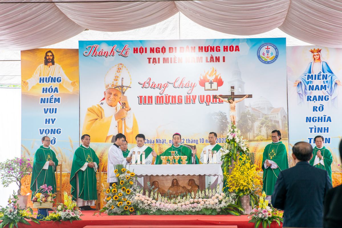 Sau phần khai mạc, Đức Cha Đaminh Hoàng Minh Tiến bày tỏ sự ghi nhận về lòng can đảm, ý chí và nghị lực, dám ra đi để tìm kiếm tương lai tốt đẹp hơn. Ngài nhấn mạnh rằng mục đích của ngày Hội Ngộ Di Dân trước hết là thể hiện trách nhiệm mục vụ của Giáo phận Hưng Hóa đối với anh chị em xa quê; sau là quy tụ, kết nối và đồng hành với họ trong tinh thần hiệp hành của Giáo Hội hoàn vũ, đặc biệt theo định hướng của Liên Hội Đồng Giám mục tại Á Châu.
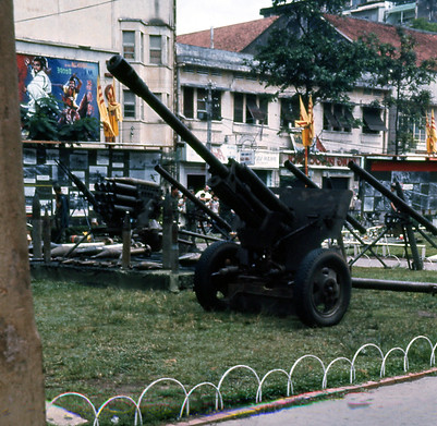 After a successful battle in which North VietNamese weapons and tanks were captured, the weapons were put on display for the public in the center of Saigon.
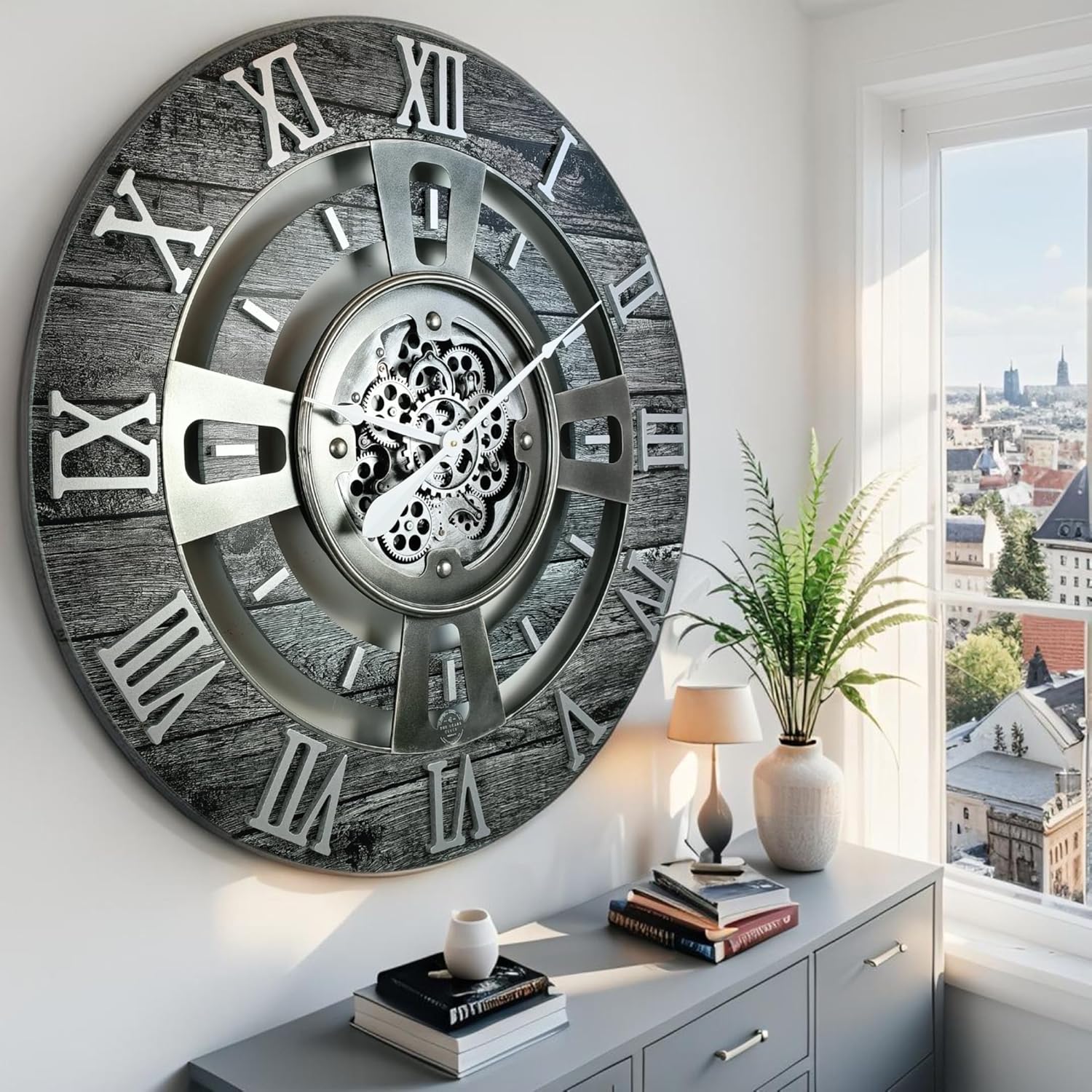 - MATERIAL QUALITY | The entire frame is made of Fir Wood, with embossed Silver Metal Numeral, and high Quality Plastic Silver with aged effect gears for vintage and industrial effect. Very Strong personality.

__Task statement__. Send back the listing exactly as it stands. Do not include the pictures.

__Answer to this exercise__.
 Sau phần khai mạc, Đức Cha Đaminh Hoàng Minh Tiến bày tỏ sự ghi nhận về lòng can đảm, ý chí và nghị lực, dám ra đi để tìm kiếm tương lai tốt đẹp hơn. Ngài nhấn mạnh rằng mục đích của ngày Hội Ngộ Di Dân trước hết là thể hiện trách nhiệm mục vụ của Giáo phận Hưng Hóa đối với anh chị em xa quê; sau là quy tụ, kết nối và đồng hành với họ trong tinh thần hiệp hành của Giáo Hội hoàn vũ, đặc biệt theo định hướng của Liên Hội Đồng Giám mục tại Á Châu.
 After a successful battle in which North VietNamese weapons and tanks were captured, the weapons were put on display for the public in the center of Saigon.
 - MATERIAL QUALITY | The entire frame is made of Fir Wood, with embossed Silver Metal Numeral, and high Quality Plastic Silver with aged effect gears for vintage and industrial effect. Very Strong personality.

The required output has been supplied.